Перерыва не объявляли. Нетерпеливые курильщики кучками выпирали в тамбур клуба, где продолжали дискуссию. Коля Матроскин, выведенный из терпения дружками, в перекуре дал им отпор:
— Вы что-нибудь соображаете насчет человечности или, по-вашему, так, как дрова рубить?! С какой бы рожею я полез вступаться за старого черта, когда всем известно, в какой мы вражде с ним уже сколько лет!.. Я ж не артист, чтобы изображать из себя… Слава богу, я человек твердой совести. Что было, то было, а нынче не поминай. Сказал вам свое мнение, и можете успокоиться, — не отрекаюсь, повторяю: надо держать его в председателях. Без его все нажитое пойдет по ветру. Вредности от него в дальнейшем не приходится ожидать, а польза еще будет. Но выпендриваться перед публикой, чтобы со сцены, — катитесь вы от меня подальше! Сами застаивайте. Я вам не шахмата, не двигайте по клеткам, куда не желаю, — понятно?!
— Напрасно ты, Коль, артачишься. Человечность, она в том и сказывается, когда осознаешь истину и старое мнение переменяешь. А не как дерево — вкопали на место и торчи — никуда!.. — такие слова говорил рассудительный комбайнер Степан Голяткин, самый умелый, из первых первый на поле механизатор. Это его не позволил поздравлять в «боевом листке» Костожогов, когда Степан обмолачивал хлеб из валков по тридцати пяти гектаров каждые сутки. Мол, нечего «портить» людей…
Степана поддержали другие, из более старших, шофера и трактористы.
— Вот именно ты, Николай, ты-то и есть нынче самая главная шахмата! Сказанул бы со сцены-то все-таки, а?
— Большой бы козырь в пользу Мартыныча выкинул! Шургинские горлодеры остались бы с носом.
— Сохранился б он в председателях, а уж мы бы потребовали восстановить тебя в заведующих мастерской… Что? Как? Ну!
— Точка! Не был лизоблюдом и не буду никогда! — Николай выразился несколько крепче против писаного.
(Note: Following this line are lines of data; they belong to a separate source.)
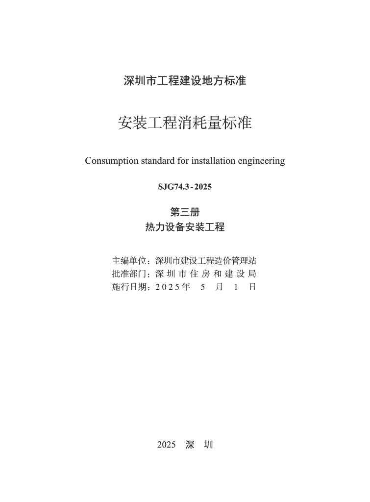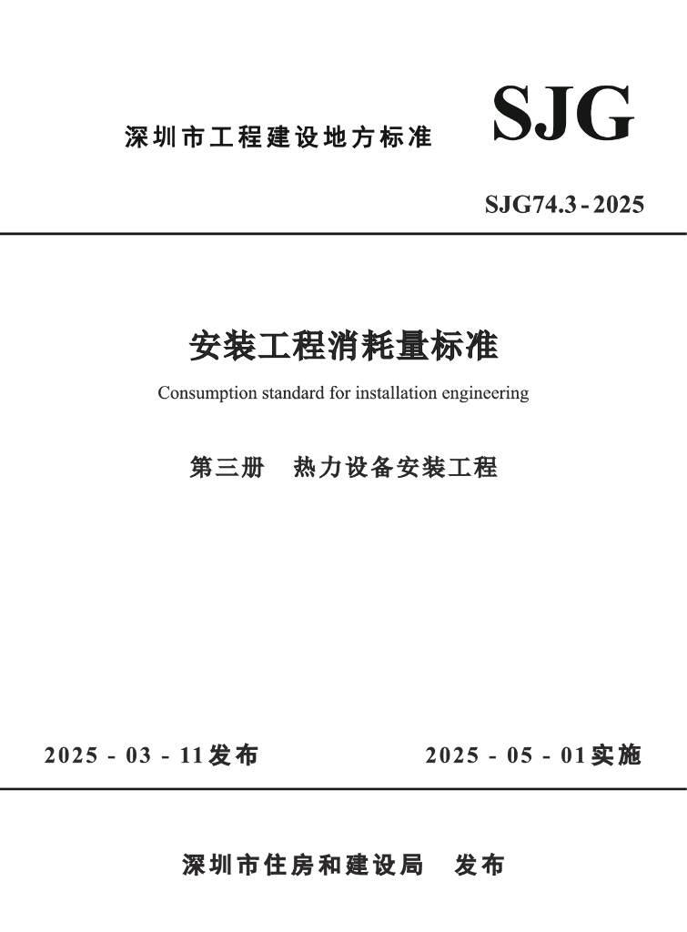 SJG 74.3-2025 深圳市安装工程消耗量标准 第三册 热力设备安装工程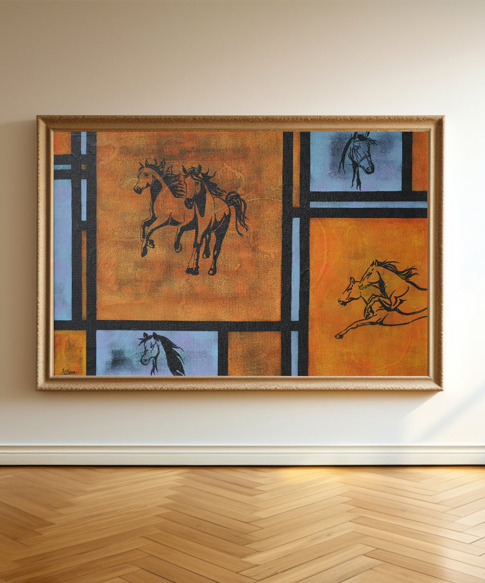 The warm hues of a setting sun envelop galloping silhouettes in this captivating painting, where the energy of wild horses is juxtaposed against a backdrop of vibrant geometric abstraction. Oranges and blues create a dynamic tableau, a visual symphony that celebrates the vigour of these majestic creatures.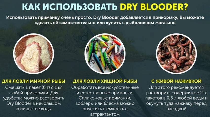Для рыбалки с живыми наживками. Для рыбной ловли на живую приманку возьмите 2 пакета Драй Блудер, высыпьте их содержимое в пол литра воды и тщательно размешайте до полного растворения. В полученный раствор с активатором, непосредственно перед погружением в воду – окуните выбранную вами наживку.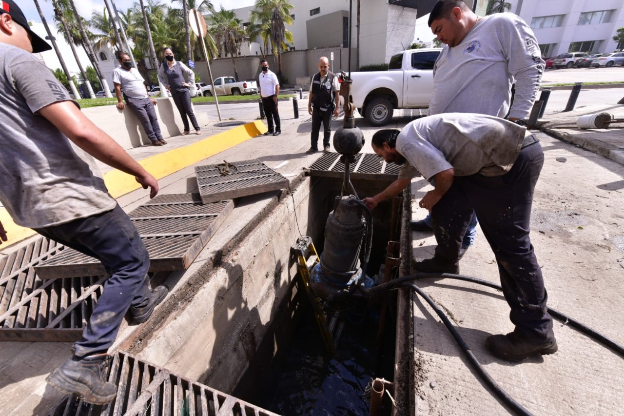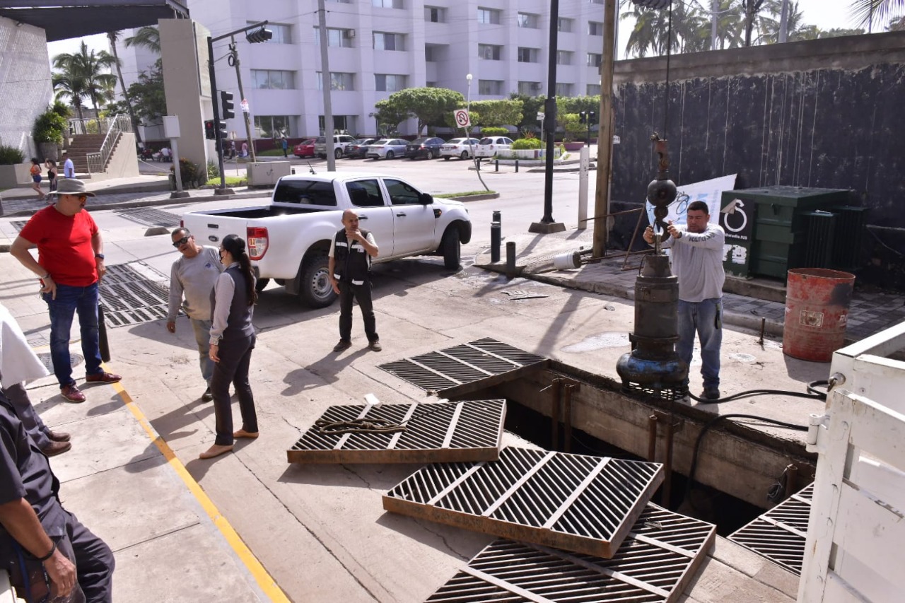 Mazatlán, SIN.- Personal de la Dirección de Obras Públicas del Gobierno Municipal reparó el cárcamo de bombeo de aguas pluviales, ubicado a la altura de las oficinas de CONAPESCA, debido a una de las bombas del equipo se quemó a causa del exceso de basura arrastrado por las intensas lluvias, informó Luis Gerardo Núñez Gutiérrez, titular del área.

Выбрав подходящий момент, взял слово Федор Прокофьевич Мочалов. Он старался подоходчивей разъяснить собранию, почему богатый и хорошо отлаженный колхоз последние годы не развивается, как того требует партия, требует сама жизнь. Корень бед в неверных взглядах Костожогова, в пороках его руководства. Однако доводы Мочалова как-то не очень задевали людей.
Что ж тут удивительного! Сколько лет Корней Мартынович воспитывал людей в том духе, — мол, им, передовым в районе, и даже в области, должны от властей оказываться всевозможные льготы и послабления, что лучше «Ленинского пути» нигде не обрабатывают земли, нигде не содержат так чисто на фермах скотину, — то какие могут быть еще попреки колхозу по этим статьям? Передовикам многое полагается по заслугам, чего не полагается отстающим!
Нет, дескать, товарищ секретарь райкома, не тут собака зарыта!
Костожогову предоставили трибуну для заключительного слова. Только он вышел из-за стола, в зале водворилась тишина.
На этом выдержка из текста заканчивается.